Elements of the Option Contract

January 21, 2009 · Posted in Contracts · Comments Off 

Options typically contain the following elements:
● Period. The purchase option gives the buyer a limited time period to exercise the option’s purchase rights. The period is negotiable and can last from a few hours to a several years.
● Option fee. To obtain the option, the buyer usually pays a fee. If the buyer does not exercise the purchase option, the seller will keep that fee. The option fee is often applied toward the purchase price if the buyer does decide to exercise the purchase option.
● Pre-determined price. It is to the buyer’s and sometimes the seller’s advantage to set the price.

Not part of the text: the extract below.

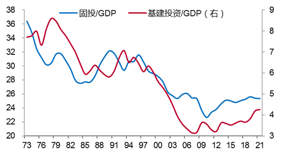 与日本相比,我国无论是固定资产投资还是其中的基建投资,占GDP的比重都很高。说明我国的经济增长模式是一个典型的投资拉动模式。但与日本类似的是,投资都经历了冲高回落的过程,固定资产投资占比在2016年达到80%以后就开始回落,基建投资占比则在2017年以后开始回落。说明经济增长的动能在减弱,中国经济从高增长转向高质量增长。

With longer term options (3+ years), the option may include an index that allows the seller to adjust the price higher according to inflation or market changes.

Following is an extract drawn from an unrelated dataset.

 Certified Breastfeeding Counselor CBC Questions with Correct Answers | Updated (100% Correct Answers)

● Exit clause; and first right of refusal. Some options may give the seller an exit clause, should the seller find a different, more attractive buyer. Such a termination clause may require the seller to return the option fee with interest and penalties. Whenever the option does contain an exit clause, the buyer should try to negotiate a first right of refusal, whereby the buyer can immediately exercise his purchase option to negate the exit clause.

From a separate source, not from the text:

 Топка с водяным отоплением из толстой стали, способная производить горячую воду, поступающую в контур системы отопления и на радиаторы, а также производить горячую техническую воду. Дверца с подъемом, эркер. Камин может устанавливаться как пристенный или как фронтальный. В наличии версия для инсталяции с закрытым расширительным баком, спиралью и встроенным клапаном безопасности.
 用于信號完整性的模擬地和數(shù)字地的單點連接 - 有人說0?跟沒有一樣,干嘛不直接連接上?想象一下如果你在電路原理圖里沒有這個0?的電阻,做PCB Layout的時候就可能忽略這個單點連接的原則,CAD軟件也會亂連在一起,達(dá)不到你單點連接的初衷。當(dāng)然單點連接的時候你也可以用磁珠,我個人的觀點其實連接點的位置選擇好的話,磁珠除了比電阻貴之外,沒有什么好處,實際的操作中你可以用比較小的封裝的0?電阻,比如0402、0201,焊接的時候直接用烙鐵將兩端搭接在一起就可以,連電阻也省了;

● Legal instrument. The option is a legally binding instrument. The buyer should make sure that it is notarized and recorded with county. Recording the option will establish an encumbrance on the property, warning all other buyers that the current owner is prohibited or restricted from selling the property without first notifying the option buyer.
Perhaps the best advantage that options offer is that many lenders allow the investor to exercise the purchase option and acquire the property with a refinance loan, instead of a purchase loan. The refinance loan approach allows the investor to use the property’s value rather than the purchase price. The main requirement is that the purchase option be at least 12 months old; and many lenders require that the option be legally recorded for at least 12 months.
Example: Option purchase
Donna sees an undervalued property that the seller is considering selling, but has had no serious takers. Donna offers the seller $5,000 for a purchase option with a term of three years and a fixed price of $100,000. If Donna were to buy the property now, the best loan she could qualify for would be an 80% LTV loan—$80,000. After one year, Donna can still only get an $80,000 loan. But now she is able to appraise the property for its full market value of
$140,000; and 80% of that appraised value is $112,000-more than enough to pay off the seller completely.